# Exercise brief:
All of the entries below should be printed exactly; the pictures are to be left out.

[Stored dataset items]
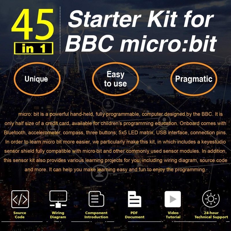 - 【About Starter Kit】 BBC Micro:bit Development Board is Not Included! This 45 sensors in 1 box kit works with microbit v1.5 and v2.2 versions. It has many parts that there is basically no limit to what you can build, easy to use. Recommend for STEM learning and teaching electronics programming.
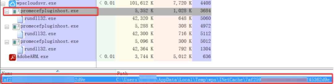 WPS程序会调用wpscloudsvr.exe来执行“轻办公”命令,最终通过promecefpluginhost.exe负责命令的执行,加载前一阶段下载好的载荷文件。
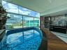 Área de lazer: escada para acesso a área de lazer, piscina aquecida, churrasqueira, sauna (finalizando), pergolado com amplo terraço.
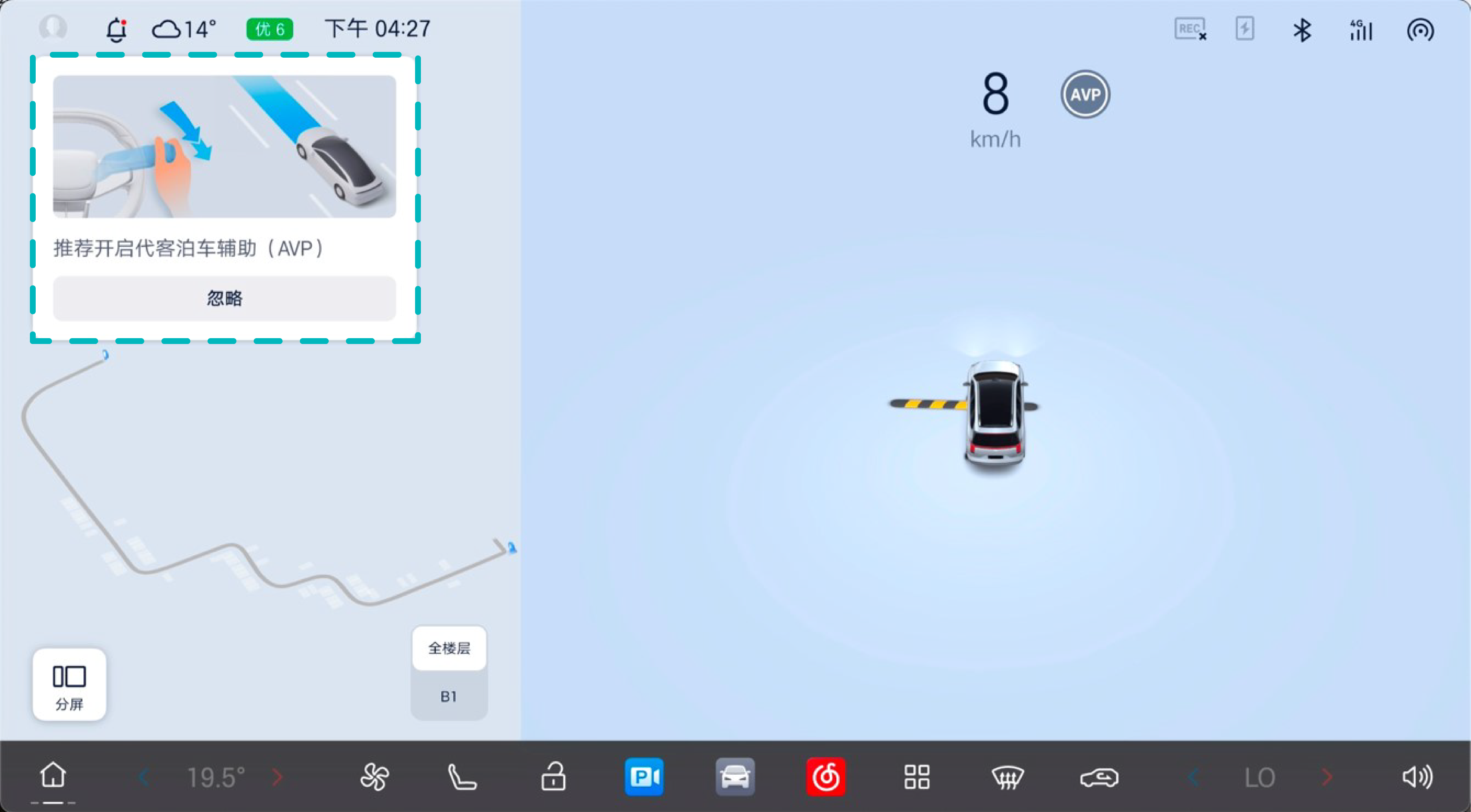 路线记录完成后, 需要离开地下车库, 再重新进入地下车库后, 才能启用代客泊车辅助功能。
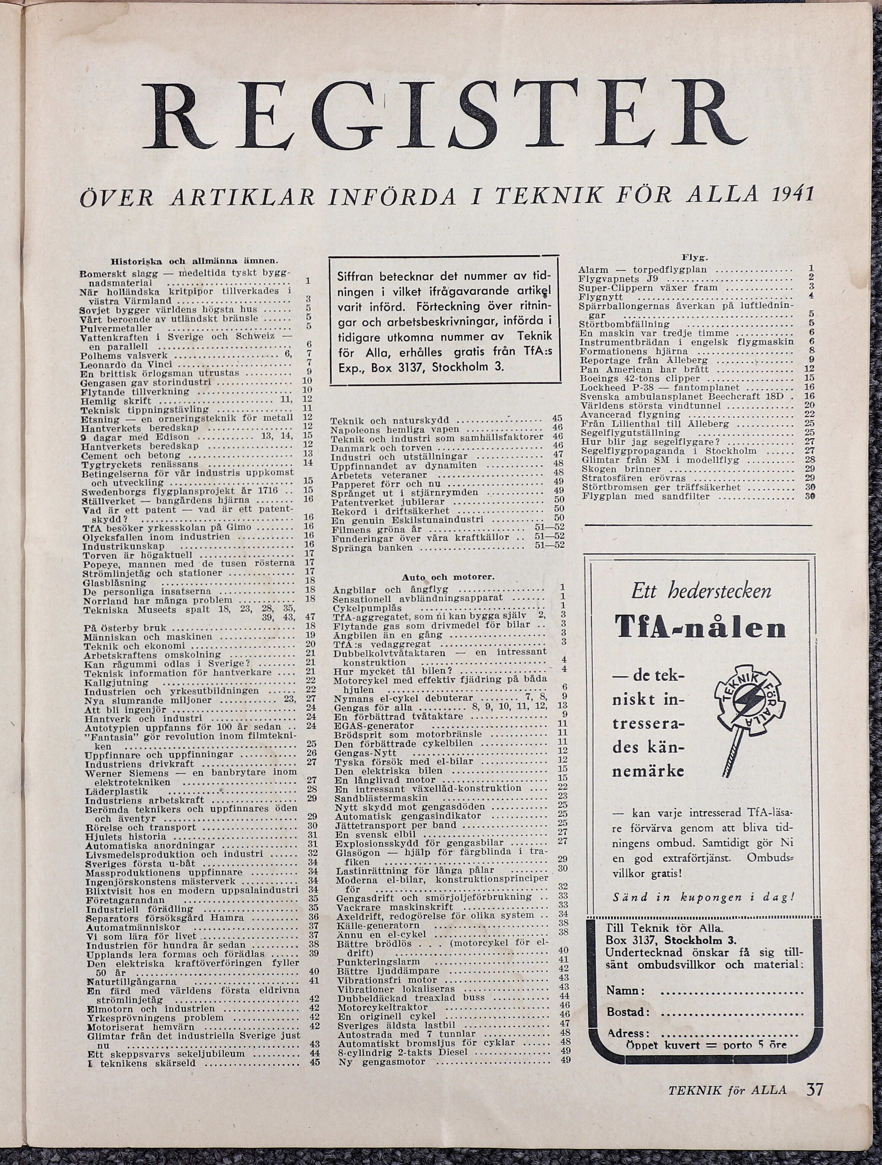 Full resolution (JPEG) - On this page / på denna sida - Register över artiklar införada i Teknik för Alla 1941

# Output:
 - 【About Starter Kit】 BBC Micro:bit Development Board is Not Included! This 45 sensors in 1 box kit works with microbit v1.5 and v2.2 versions. It has many parts that there is basically no limit to what you can build, easy to use. Recommend for STEM learning and teaching electronics programming.
 WPS程序会调用wpscloudsvr.exe来执行“轻办公”命令,最终通过promecefpluginhost.exe负责命令的执行,加载前一阶段下载好的载荷文件。
 Área de lazer: escada para acesso a área de lazer, piscina aquecida, churrasqueira, sauna (finalizando), pergolado com amplo terraço.
 路线记录完成后, 需要离开地下车库, 再重新进入地下车库后, 才能启用代客泊车辅助功能。
 Full resolution (JPEG) - On this page / på denna sida - Register över artiklar införada i Teknik för Alla 1941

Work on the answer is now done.